Os tecnófilos adoram dizer que o livro acabou, mas o fato é que nunca se escreveu tanto sobre tecnologia -livros mesmo, de papel, com lombadas, orelhas e noites de autógrafos.
É toda uma safra de livros ruins, mal-acabados e mal-ajambrados. Sejam profecias mirabolantes, como "A Vida Digital", de Negroponte, ou romancinhos de ocasião como "Micro-servos", de Douglas Coupland, a maioria cheira a oportunismo e envelhece mal.
Não é o caso de "Deeper" (Mais fundo), da Simon & Schuster. Seu autor, John Seabrook, fez de seus passeios na Internet uma boa e sólida narrativa, não uma cacofonia de promessas e terrores.
Seabrook é repórter da revista "New Yorker". Em 95, escreveu um artigo que marcou sua iniciação no cyberspace. "E-mail com Bill" conta sua troca de mensagens com Bill Gates. Naquele texto já aparecia o personagem adotado por ele em "Deeper": alguém com quem o leitor se identifica facilmente, cheio de emoção com o primeiro e-mail, a imaginar possibilidades ilimitadas para a Internet.
O artigo também marcou a primeira incursão da "New Yorker", revista séria e conservadora, no mundo da Internet. Em "Deeper", Seabrook completa o percurso que começou com "E-mail com Bill". Passa por uma série de iniciações no reino da Internet. Experimenta -de leve- o sexo on line, disfarçado de mulher. Sua personagem se chama Bambi e às vezes vira um veado -o animal. Torna-se anfitrião de um grupo de discussão sobre literatura. Faz sua home page. No percurso da inocência à experiência, fica cada vez mais à vontade com a tecnologia e desiludido com a aventura.
Seabrook tem um bom e sólido texto de revista. Teve a sutileza de se colocar no lugar daquele que usa o computador -acompanhando os movimentos de surpresa, de decepção, de enfado etc. Sua história poderia ser a de qualquer um, sozinho, a queimar a vista diante do monitor.
Sua página fica em http://www.levity.com/seabrook/. Existem outras, "escondidas": http://www.levity.com/seabrook/revindex.html, http://levity.com/seabrook/homenet.html.
"The First US$ 20 Million Are the Hardest" (Os primeiros US$ 20 milhões são os mais difíceis") é praticamente o oposto de "Deeper". Seu autor, Po Bronson, escreve num estilo vertiginoso de best seller. É uma espécie de "roman à clef" do Silicon Valley. Um personagem lembra Jim Clark, fundador da Netscape. Outro é a cara de James Gosling, criador do Java. O protagonista tem um quê de Steve Jobs.
A história gira em torno de engenheiros envolvidos no projeto de um computador, o VWPC (PC-Fusca).
O romance é médio, mais para ruim, mas Bronson consegue captar a mistura de idealismo e venalidade que caracteriza o ambiente da indústria da computação norte-americana, em que sonhos de garotos são submetidos a uma alquimia brutal. Sua metáfora preferida é o loop infinito -o que acontece quando um computador se põe a repetir as mesmas instruções e "trava".
A página de Bronson no http://members.aol.com/pobronson/hardest.htm.
Jam
Foi ontem o "show" de Paulinho da Viola e Sérgio Reis. Via Internet, com Real Audio. Confira no http://www.artbr.com.br.

E-mail: netvox@uol.com.br

"Eu passei horas demais em amargas discussões com furiosos antagonistas, quando num encontro face a face teríamos resolvido nossas diferenças em cinco minutos, para acreditar ainda em promessas utópicas de tecnologia. Qualquer que seja a capacidade deste meio de reunir as pessoas, ele tem uma igual capacidade de abrir abismos entre elas." (...)
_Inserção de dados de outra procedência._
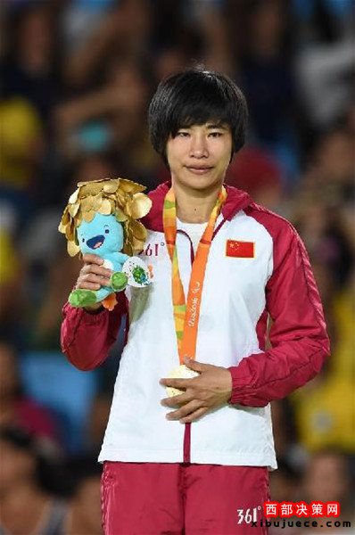 9月8日,李麗青在頒獎儀式上。當(dāng)日,在2016年里約殘奧會柔道女子48公斤級決賽中,中國選手李麗青戰(zhàn)勝德國選手布魯西希,獲得冠軍。

"Afinal, não interessa se o mundo on line representa progresso ou não. O gigantesco cérebro eletrônico, meio humano, meio máquina, cresce e cresce. Mesmo Bill Gates é sua marionete. Não tem nenhum propósito moral que eu consiga discernir mas, como eu, muitos serão incapazes de recusá-lo, assim você pode muito bem avançar confiantemente e esperançosamente na única direção que faz sentido: mais fundo. Não é progresso, mas é movimento."
Trechos de "Deeper".


TRECHOS
"Aquilo era outra coisa. Eles odiavam ter que traduzir seu trabalho em metáforas aguadas para a turma dos sapatos engraxados -os advogados fuxiqueiros, os escribas da mídia, os patrocinadores em potencial que apareciam querendo "entender" sem fazer o trabalho duro de prestar atenção. Esta era apenas mais uma razão para Francis Benoit estar feliz de trabalhar no La Honda Research Center e não em alguma empresa nova, porque (...) trabalhar numa empresa nova significava passar 80% do tempo fazendo merda -indo atrás de capital de risco, escrevendo documentação, contratando gente. E as reuniões! Participar daquele jogo seria um desperdício de talento concedido por Deus, seria um crime contra sua própria natureza."